### [About this exercise]
The pictures stay out. Please retype every line below exactly.

Dataset records:
———

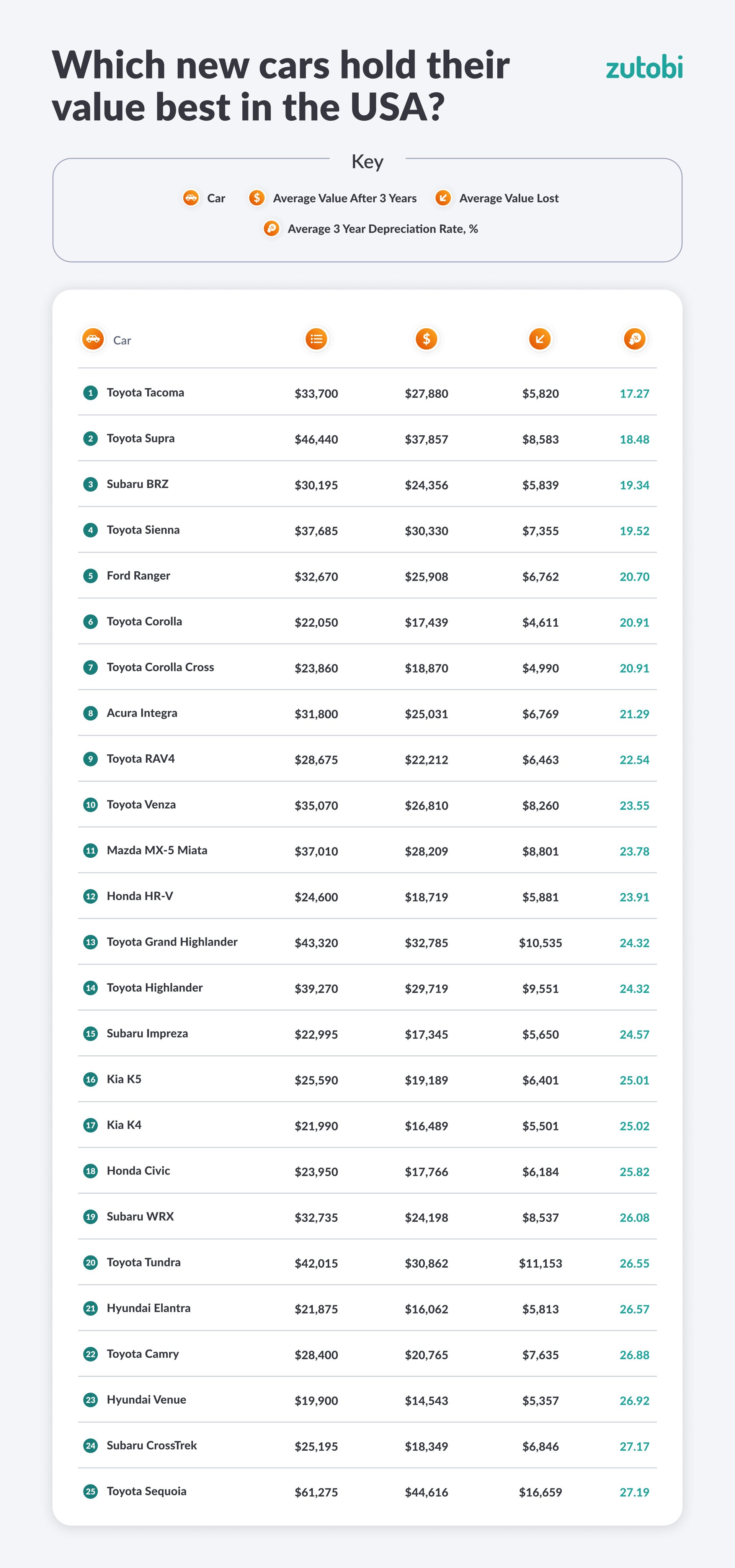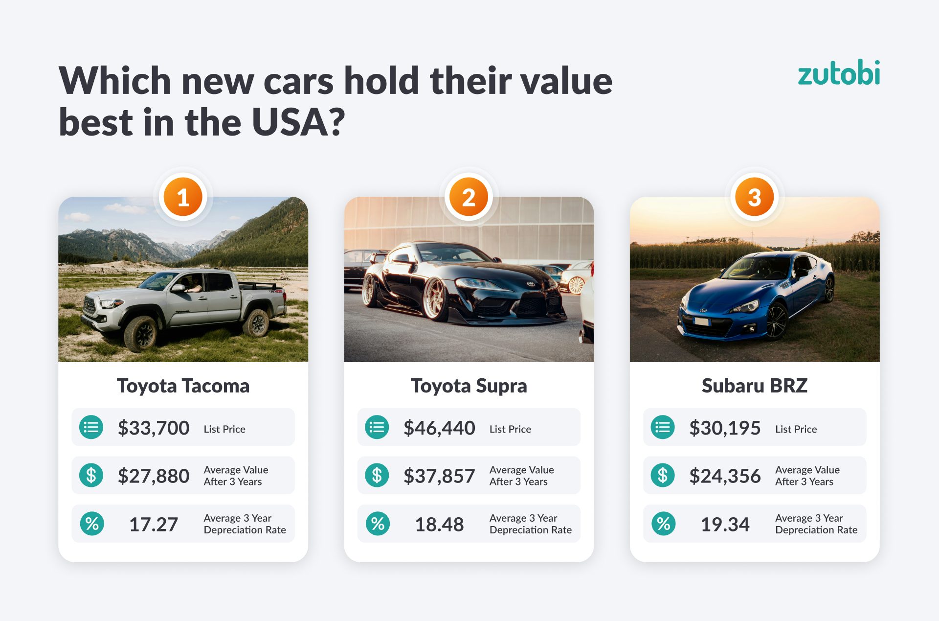 The car which holds its value best in the United States is the Toyota Tacoma pickup truck; this Japanese truck has been on sale since the mid-1990s. Toyota pickup trucks have a reputation for bulletproof reliability and sturdiness, and consequently, after three years they could be almost as good as new, resulting in a small drop in value.
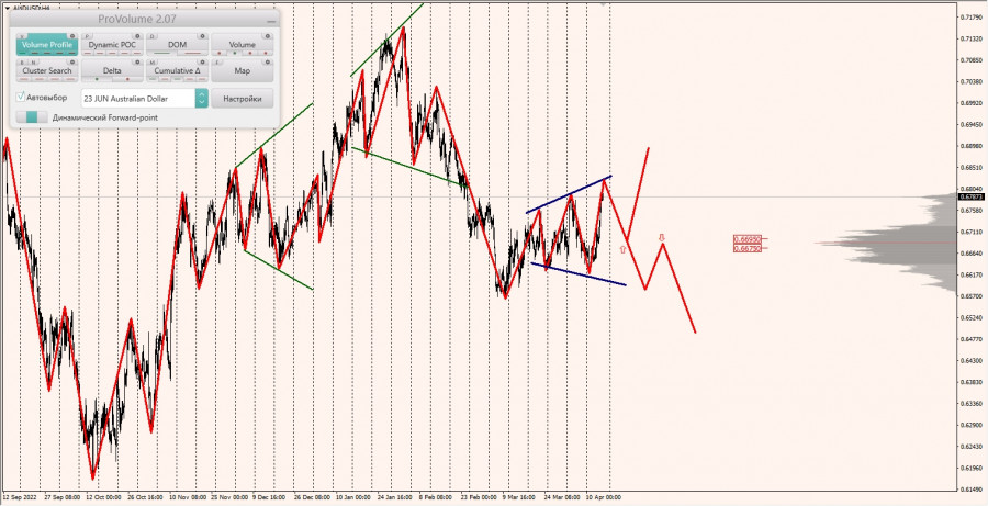 Долгосрочная тенденция: в лонг. Максимальное скопление объемов текущего контракта расположено в диапазоне по котировкам 0.66750-0.66950. В настоящий момент по паре совершаются инвестиционные операции выше, указывая на силу покупателей.
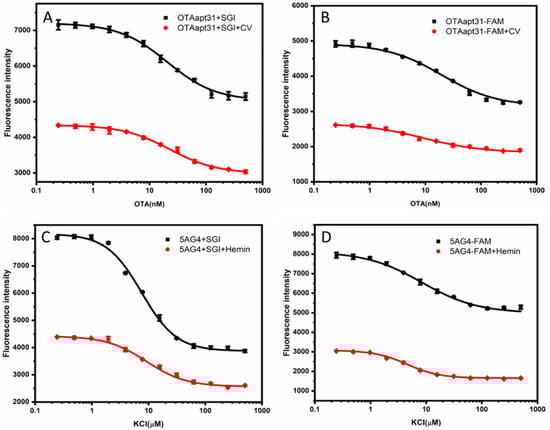 For OTA, 80 µL of different concentrations of OTA were mixed with 20 µL of 100 nM aptamer (antiparallel G-quadruplex) in a solution of 10 mM Tris-HCl buffer (pH = 8.4), with 1.5X SGI, 1.0% Tween 20 and 31.25 mM Ca2+. For K+, 80 µL of different concentrations of K+ were mixed with 20 µL of 100 nM parallel G-quadruplex in 10 mM Tris-HCl buffer (pH = 8.4), with 1.5× SGI, 1.0% Tween 20. All the test solutions were incubated at room temperature for 20 minutes, followed by the fluorescence measurement with a Safire II microplate reader. All experiments were repeated three times independently.
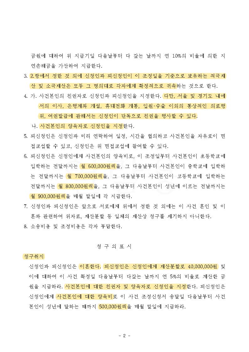 결국, 의뢰인이 조정신청서에서 청구한 내용대로 원만하게 조정이 성립하였으며, 아이가 성장함에 따라 양육비를 차등적으로 증액하는 것으로 실제 청구한 내용보다도 성공적으로 마무리 할 수 있었습니다.
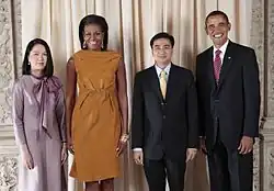 Prime Minister Abhisit Vejjajiva, Pimpen Vejjajiva, U.S. President Barack Obama and Michelle Obama on 23 September 2009, in New York

———

### [Solution to this exercise]
 The car which holds its value best in the United States is the Toyota Tacoma pickup truck; this Japanese truck has been on sale since the mid-1990s. Toyota pickup trucks have a reputation for bulletproof reliability and sturdiness, and consequently, after three years they could be almost as good as new, resulting in a small drop in value.
 Долгосрочная тенденция: в лонг. Максимальное скопление объемов текущего контракта расположено в диапазоне по котировкам 0.66750-0.66950. В настоящий момент по паре совершаются инвестиционные операции выше, указывая на силу покупателей.
 For OTA, 80 µL of different concentrations of OTA were mixed with 20 µL of 100 nM aptamer (antiparallel G-quadruplex) in a solution of 10 mM Tris-HCl buffer (pH = 8.4), with 1.5X SGI, 1.0% Tween 20 and 31.25 mM Ca2+. For K+, 80 µL of different concentrations of K+ were mixed with 20 µL of 100 nM parallel G-quadruplex in 10 mM Tris-HCl buffer (pH = 8.4), with 1.5× SGI, 1.0% Tween 20. All the test solutions were incubated at room temperature for 20 minutes, followed by the fluorescence measurement with a Safire II microplate reader. All experiments were repeated three times independently.
 결국, 의뢰인이 조정신청서에서 청구한 내용대로 원만하게 조정이 성립하였으며, 아이가 성장함에 따라 양육비를 차등적으로 증액하는 것으로 실제 청구한 내용보다도 성공적으로 마무리 할 수 있었습니다.
 Prime Minister Abhisit Vejjajiva, Pimpen Vejjajiva, U.S. President Barack Obama and Michelle Obama on 23 September 2009, in New York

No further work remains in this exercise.